Though the rc4 behaviour seems odd, as my CPUs are numbered 0-3.
Bill (Cc'd) also reports that with -rc4, he sees around
a 10 second delay when it does that 'Testing NMI watchdog'
message.
Dave
^ permalink raw reply [flat|nested] 2+ messages in thread
* Re: [PATCH] check nmi watchdog is broken
2005-05-11 5:55 ` [PATCH] check nmi watchdog is broken Dave Jones
@ 2005-05-11 11:33 ` Mikael Pettersson
0 siblings, 0 replies; 2+ messages in thread
From: Mikael Pettersson @ 2005-05-11 11:33 UTC (permalink / raw)

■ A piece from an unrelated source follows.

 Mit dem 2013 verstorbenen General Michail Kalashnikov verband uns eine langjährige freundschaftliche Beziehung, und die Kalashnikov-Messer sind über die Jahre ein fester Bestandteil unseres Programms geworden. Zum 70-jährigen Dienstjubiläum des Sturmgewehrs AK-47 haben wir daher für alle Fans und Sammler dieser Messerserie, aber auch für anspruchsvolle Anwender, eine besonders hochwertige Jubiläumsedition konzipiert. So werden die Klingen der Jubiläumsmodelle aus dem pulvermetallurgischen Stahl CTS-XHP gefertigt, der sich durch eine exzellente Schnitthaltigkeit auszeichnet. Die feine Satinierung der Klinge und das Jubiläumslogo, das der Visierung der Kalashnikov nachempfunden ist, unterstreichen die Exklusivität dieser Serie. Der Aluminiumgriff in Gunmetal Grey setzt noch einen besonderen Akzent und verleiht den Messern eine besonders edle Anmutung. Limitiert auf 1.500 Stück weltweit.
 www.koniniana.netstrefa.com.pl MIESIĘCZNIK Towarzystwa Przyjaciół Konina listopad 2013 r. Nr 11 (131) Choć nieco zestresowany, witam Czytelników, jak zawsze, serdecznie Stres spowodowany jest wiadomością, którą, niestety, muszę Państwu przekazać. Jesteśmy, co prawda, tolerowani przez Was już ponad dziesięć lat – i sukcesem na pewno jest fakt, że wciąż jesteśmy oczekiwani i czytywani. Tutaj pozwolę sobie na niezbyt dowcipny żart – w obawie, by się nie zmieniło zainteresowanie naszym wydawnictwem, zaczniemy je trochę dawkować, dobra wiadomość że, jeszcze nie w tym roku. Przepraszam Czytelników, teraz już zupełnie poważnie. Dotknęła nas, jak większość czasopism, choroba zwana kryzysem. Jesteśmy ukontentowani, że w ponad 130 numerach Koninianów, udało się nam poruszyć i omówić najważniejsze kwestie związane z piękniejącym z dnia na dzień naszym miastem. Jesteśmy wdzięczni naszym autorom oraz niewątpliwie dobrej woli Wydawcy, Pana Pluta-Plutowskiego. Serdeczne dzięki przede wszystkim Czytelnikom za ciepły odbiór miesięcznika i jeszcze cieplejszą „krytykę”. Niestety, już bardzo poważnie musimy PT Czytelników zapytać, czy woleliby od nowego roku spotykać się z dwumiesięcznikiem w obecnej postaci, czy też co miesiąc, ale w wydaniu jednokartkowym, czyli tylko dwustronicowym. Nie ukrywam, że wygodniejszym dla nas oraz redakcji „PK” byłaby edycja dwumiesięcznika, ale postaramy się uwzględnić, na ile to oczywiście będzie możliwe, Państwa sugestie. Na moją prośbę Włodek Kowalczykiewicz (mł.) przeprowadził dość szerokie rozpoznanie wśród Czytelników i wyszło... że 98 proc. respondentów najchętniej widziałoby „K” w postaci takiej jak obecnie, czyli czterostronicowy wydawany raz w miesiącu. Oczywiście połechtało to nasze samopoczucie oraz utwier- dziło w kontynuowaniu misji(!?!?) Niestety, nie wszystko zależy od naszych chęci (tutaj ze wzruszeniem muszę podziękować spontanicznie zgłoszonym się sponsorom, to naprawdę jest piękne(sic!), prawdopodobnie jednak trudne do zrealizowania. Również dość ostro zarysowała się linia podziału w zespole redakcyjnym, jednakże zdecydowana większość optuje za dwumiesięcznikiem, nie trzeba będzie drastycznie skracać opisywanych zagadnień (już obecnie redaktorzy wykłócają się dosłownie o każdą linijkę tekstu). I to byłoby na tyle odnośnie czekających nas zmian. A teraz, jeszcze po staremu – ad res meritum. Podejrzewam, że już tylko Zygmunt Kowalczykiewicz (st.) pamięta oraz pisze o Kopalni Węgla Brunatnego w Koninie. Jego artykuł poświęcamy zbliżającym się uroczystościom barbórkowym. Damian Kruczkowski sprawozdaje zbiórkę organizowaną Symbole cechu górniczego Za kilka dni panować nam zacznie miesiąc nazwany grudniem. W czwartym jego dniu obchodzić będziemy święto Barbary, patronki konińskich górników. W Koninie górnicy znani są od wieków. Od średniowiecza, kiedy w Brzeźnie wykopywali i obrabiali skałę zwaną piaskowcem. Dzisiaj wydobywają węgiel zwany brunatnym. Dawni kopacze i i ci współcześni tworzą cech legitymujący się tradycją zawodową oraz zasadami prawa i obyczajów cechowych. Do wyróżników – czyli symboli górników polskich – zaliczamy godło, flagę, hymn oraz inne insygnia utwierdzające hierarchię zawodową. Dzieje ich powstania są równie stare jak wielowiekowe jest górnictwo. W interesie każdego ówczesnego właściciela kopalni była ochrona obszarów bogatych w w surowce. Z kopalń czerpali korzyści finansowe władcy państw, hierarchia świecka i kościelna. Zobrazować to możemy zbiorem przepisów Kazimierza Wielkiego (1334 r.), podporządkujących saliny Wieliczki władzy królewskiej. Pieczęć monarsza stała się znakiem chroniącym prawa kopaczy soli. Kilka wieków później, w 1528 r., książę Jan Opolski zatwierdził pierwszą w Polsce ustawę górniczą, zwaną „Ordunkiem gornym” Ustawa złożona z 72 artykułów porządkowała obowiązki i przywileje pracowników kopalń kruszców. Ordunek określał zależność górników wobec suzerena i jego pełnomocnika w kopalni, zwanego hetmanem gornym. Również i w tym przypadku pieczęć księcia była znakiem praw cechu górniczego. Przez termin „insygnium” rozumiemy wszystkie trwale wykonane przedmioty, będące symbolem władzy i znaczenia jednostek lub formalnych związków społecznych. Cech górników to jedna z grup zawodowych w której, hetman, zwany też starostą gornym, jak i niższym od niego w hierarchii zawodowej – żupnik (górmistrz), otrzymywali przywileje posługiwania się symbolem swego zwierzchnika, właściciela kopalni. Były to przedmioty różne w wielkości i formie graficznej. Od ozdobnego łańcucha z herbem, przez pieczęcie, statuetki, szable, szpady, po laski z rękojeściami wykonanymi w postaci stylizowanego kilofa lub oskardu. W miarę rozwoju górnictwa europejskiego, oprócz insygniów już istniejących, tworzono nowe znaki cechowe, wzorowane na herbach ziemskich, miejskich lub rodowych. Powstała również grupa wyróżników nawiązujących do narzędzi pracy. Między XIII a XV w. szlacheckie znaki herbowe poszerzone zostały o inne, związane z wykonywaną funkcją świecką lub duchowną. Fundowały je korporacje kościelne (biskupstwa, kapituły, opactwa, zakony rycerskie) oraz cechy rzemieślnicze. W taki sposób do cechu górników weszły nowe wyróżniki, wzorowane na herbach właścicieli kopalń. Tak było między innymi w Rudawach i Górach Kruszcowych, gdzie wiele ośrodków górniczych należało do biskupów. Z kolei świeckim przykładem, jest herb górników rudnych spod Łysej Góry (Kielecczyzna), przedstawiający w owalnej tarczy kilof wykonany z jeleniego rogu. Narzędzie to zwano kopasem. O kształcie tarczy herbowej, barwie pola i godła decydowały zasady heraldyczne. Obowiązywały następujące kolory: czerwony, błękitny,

To: Dave Jones; +Cc: Linux Kernel Mailing List, Jack F Vogel, Andi Kleen, notting
Dave Jones writes:
> My EM64T Dell Precision 470 seems to have problems both before
> and after this change, though the behaviour changes.
>
> With -rc3..
> testing NMI watchdog ... CPU#1: NMI appears to be stuck (0)!
>
> With -rc4...
> Testing NMI watchdog ... CPU#4: NMI appears to be stuck (0)!
>
> The CPU #'s are consistent across reboots (Ie, they're always the same).

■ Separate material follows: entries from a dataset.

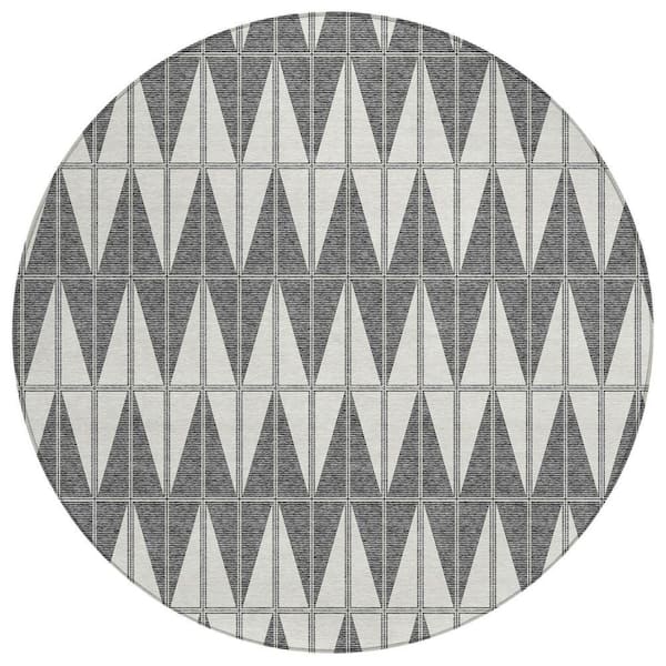 Chantille Machine Washable Indoor/Outdoor Abstract ACN2415 Ivory 8 ft. x 8 ft. Round Rug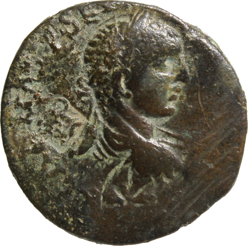 laureate, draped and cuirassed bust of Severus Alexander, right, seen from rear |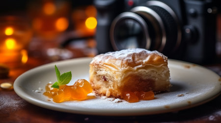 Delicious baked goods with a camera in the background - food photography concept for commercial use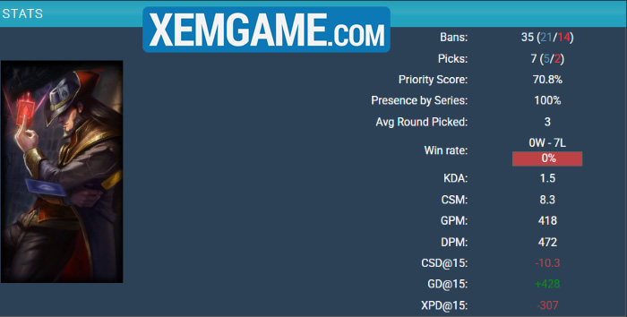 Cụ thể, ở đây chúng ta nói đến Twisted Fate và Kalista – 2 vị tướng chủ chốt trong một số chiến thuật với số lượt cấm lần lượt là 35 và 17, nhiều nhất trong dàn tướng MSI. Theo đó, không chỉ bị cấm nhiều nhất mà 2 vị tướng này còn gây ngạc nhiên là những lần hiếm hoi được chọn, chúng vẫn không có được chiến thắng nào dắt túi cả :

> Though the rc4 behaviour seems odd, as my CPUs are numbered 0-3.
There is known breakage in x86-64's nmi watchdog recently.
One of the problems is that the checking code inspects
all possible CPU numbers [0..NR_CPUS[ and not just the
ones actually present, which leads to false failure reports.
> Bill (Cc'd) also reports that with -rc4, he sees around
> a 10 second delay when it does that 'Testing NMI watchdog'
> message.
And that's another of the known x86-64 breakages.
/Mikael
^ permalink raw reply [flat|nested] 2+ messages in thread
end of thread, other threads:[~2005-05-11 11:34 UTC | newest]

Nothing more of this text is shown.